The rest of the day pretty much sucked as we had 20 knots or better directly behind us. We were overtaken by several more vicious small squalls with us seeing 35 knots apparent more often than not. Oh and lets not forget the biblical proportions of rain. 20% chance my ass.

The bright spot in the day was sharing an anchorage with First Edition whom we haven’t seen since February in the Jumentos.
April 25, 2011.

We had the choice of a 2 day trip up the inside or waiting 3 days for the wind to turn back in our favor. So it was up the ICW for us.

On the first day we did 3 bridges as we motored north into 5 knots of breeze. About an hour before our intended stop at Mile Hammock Bay the wind kicked up to 15 knots on the nose. The weatherman was predicting more for late afternoon. It worked out perfectly because as we turned off the ICW and into the anchorage the wind piped up to 30 knots.

We were the first boat into the anchorage and in the next 2 hours another 8 boats filled in around us. Mile Hammock Bay is part of the military reservation at Camp Lejune and we ate dinner to the sounds of a live fire artillery barrage. Oooh romantic.

The next day we were up early and busted ass to get Oriental. With the breeze brisk from the northeast crossing the Neuse River was a bit sporty but we had loads of water as we eased our way into Whitaker Creek.

We’re tied to the dock behind our friends Ken & Carol’s house. Whenever we’re here we try and knock out as many niggling chores as we can. First and foremost was eating as much pizza as I could stomach at Silos. Then we defrosted the fridge, bathed and groomed Tucker, did laundry, bought groceries, visited our stuff at the consignment shop, hit the Post Office, filled a propane tank, Flitzed the stainless, topped off the fresh water tank, dealt with a head issue and pulled all the curtains down, laundered them and wiped the walls and ceilings with an anti mold cleaner.

We enjoyed a fabulous Easter meal and the even more popular Easter meal leftovers the next day. The Veranda and Tucker are clean, my stomach is full and its time to get back on the road north….

Saturday, April 23, 2011

April 22, 2011.

We’ve anchored in Wrightsville Beach before and hated it. The only reason we’re here again is because it’s a weekday and the weather is overcast and cool. The last time we were here we had at least 10 ski boats slaloming through the anchorage all day, accompanied by the obligatory jet ski’s wreaking their own special kind of havoc.

We did see this guy though. He was all alone and obviously playing "solo charades". Luckily for him I was there to appreciate him at his craft. This one was a toss up for me. Its either "fat guy sniper victim" or "fat guy napping in the sun". He really nailed the fat guy part, the rest of it was a little unclear to me.

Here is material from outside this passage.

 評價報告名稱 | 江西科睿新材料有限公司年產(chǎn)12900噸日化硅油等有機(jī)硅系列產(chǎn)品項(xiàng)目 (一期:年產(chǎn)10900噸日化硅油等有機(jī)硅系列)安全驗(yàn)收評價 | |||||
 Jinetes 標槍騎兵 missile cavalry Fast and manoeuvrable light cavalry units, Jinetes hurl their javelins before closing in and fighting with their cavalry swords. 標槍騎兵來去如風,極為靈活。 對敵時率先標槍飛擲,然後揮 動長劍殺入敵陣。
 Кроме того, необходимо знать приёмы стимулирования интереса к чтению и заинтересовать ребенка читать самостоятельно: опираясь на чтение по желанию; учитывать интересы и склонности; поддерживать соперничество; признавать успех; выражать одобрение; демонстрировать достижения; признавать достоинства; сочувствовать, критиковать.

As forecast the wind kicked up a bit during the evening and I was kinda kicking myself in the ass about being here rather than continuing on. That is until I turned on the VHF the next morning. We listened as a pair of women recounted one of the boats experience the previous evening.

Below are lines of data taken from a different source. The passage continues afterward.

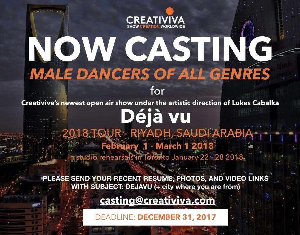 Creativiva is now casting MALE DANCERS from Canada and the USA to join us for our tour in Riyadh, Saudi Arabia! This will be a one month tour for a dance performance at a family friendly festival.
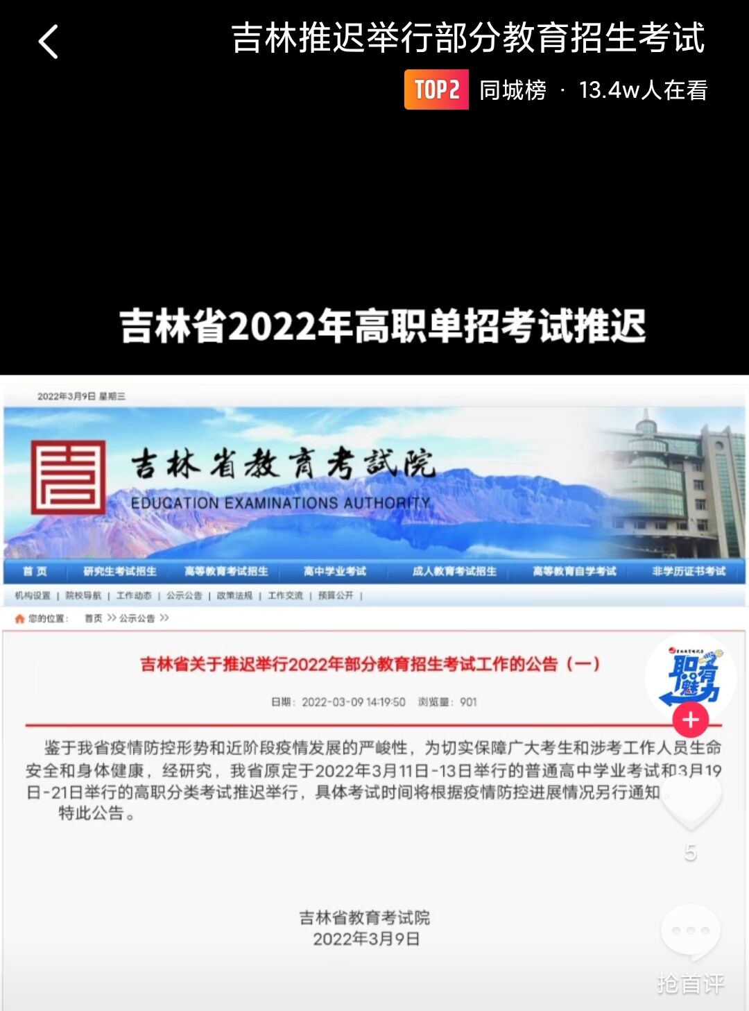 鉴于吉林省疫情防控形势和近阶段疫情发展的严峻性,为切实保障广大考生和涉考工作人员生命安全和身体健康,经研究,原定于2022年3月11日-13日举行的普通高中学业考试和3月19日-21日举行的高职分类考试推迟举行。
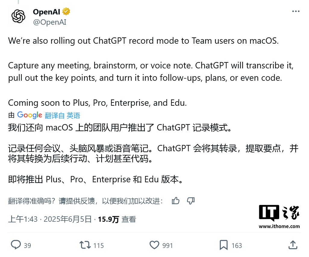 OpenAI 公司宣布自昨日开始,ChatGPT Team、Enterprise 和 Edu 用户在使用 Mac 版 ChatGPT 应用时,将看到提示工具旁新增的“录音”(Record)按钮。IT之家附上截图如下:
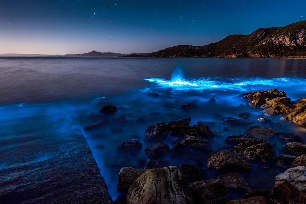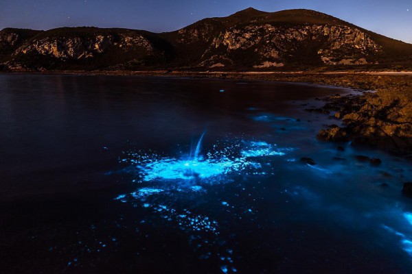 Вода в национальном парке Роки Кейп засияла неоновым светом из-за активности водорослей ночесветки.
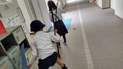今年は2年生が職員室前の廊下を清掃しています。ゴミを見つけて一生懸命掃いたり、くつばこを拭いてくれたりしてピカピカです。
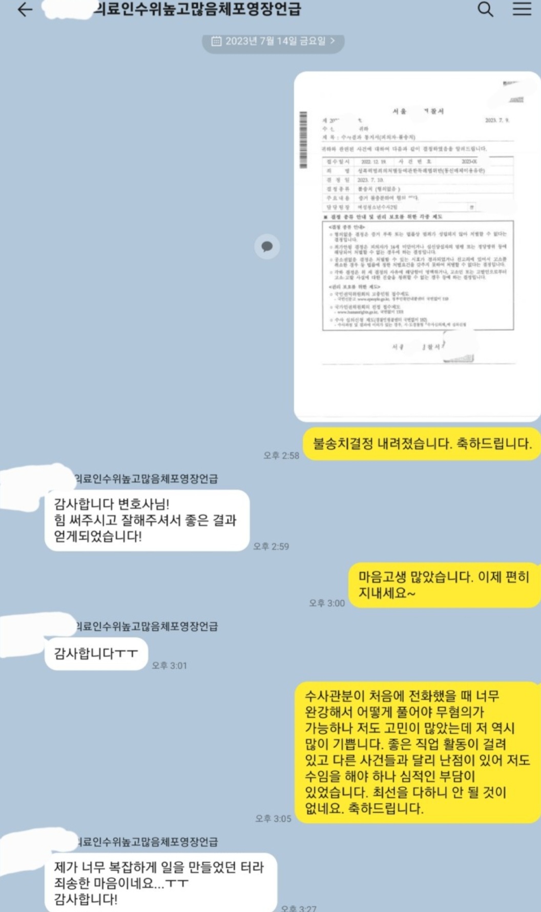 처음 수임할 때 무혐의 가능성이 크지 않은 것 같아 수임을 거절할 생각도 있었지만 한 가지 길이 열려 있다고 판단되어 변호를 시작하게 되었습니다. 확실히 무혐의를 받아줄 수 있는 사안은 아니었지만 어차피 의뢰인은 어떤 변호사의 변호라도 받아야만 하였고 그렇다면 통매음은 제가 가장 변호를 잘한다고 생각하기 때문에 맡아서 변호를 시작하였습니다. 의뢰인에게는 무혐의를 보장할 수는 없지만 최소한 취업제한은 막아주겠다라는 말을 하였습니다. 결과적으로 의뢰인에게 불송치결정이라는 기쁜 소식을 전달해줄 수 있었습니다.

It seems that 3 sailboats were traveling together, crossing from the Bahamas and headed in towards the Cape Fear River just before midnight. They were getting pummeled a bit and decided to cut their trip to Beaufort short. It was time to start the engine and one of the boats wouldn’t start. The wind and seas were up and the first 2 boats made it safely into the river. The third boat decided to stay offshore rather than commit to trying the channel into the river without their engine.

Rather than choosing to heave to or continuing on towards Beaufort, NC they chose to drop the hook. In the freaking ocean. She was relaying the story of their horrific evening spent anchored on Frying Pan Shoal about 30 miles south of Wrightsville Beach. In the OCEAN. They had been running with the seas and wind and were uncomfortable. I can’t imagine what lying to their anchor in those conditions must have been like. IN THE OCEAN.

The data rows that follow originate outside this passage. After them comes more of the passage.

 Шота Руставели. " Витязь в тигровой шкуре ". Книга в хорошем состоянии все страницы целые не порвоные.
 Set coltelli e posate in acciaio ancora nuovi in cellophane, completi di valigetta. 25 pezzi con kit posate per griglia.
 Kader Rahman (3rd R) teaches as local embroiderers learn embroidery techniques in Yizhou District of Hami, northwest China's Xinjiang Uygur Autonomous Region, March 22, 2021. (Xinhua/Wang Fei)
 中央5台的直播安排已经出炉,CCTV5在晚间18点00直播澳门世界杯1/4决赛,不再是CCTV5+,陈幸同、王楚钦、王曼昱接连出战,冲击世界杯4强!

She was profusely thanking her girlfriend for calling Towboat US (who refused to go out until morning). She also called the Coast Guard who did send a small boat out to monitor the situation. The woman’s husband had finally been able to change their fuel filters and get the boat started and underway at daybreak. We felt terrible for the woman as she just had an exhaustion fueled mini breakdown complete with sobs of relief.

Wednesday, April 20, 2011

April 20, 2011.

We sat in Factory Creek through the front that devastated so much of the country. At the last minute the front veered and passed to the north of us. We had exactly 11 drops of rain and some wind gusts up to 30 knots so it was a non-event in our cocoon like creek of happiness.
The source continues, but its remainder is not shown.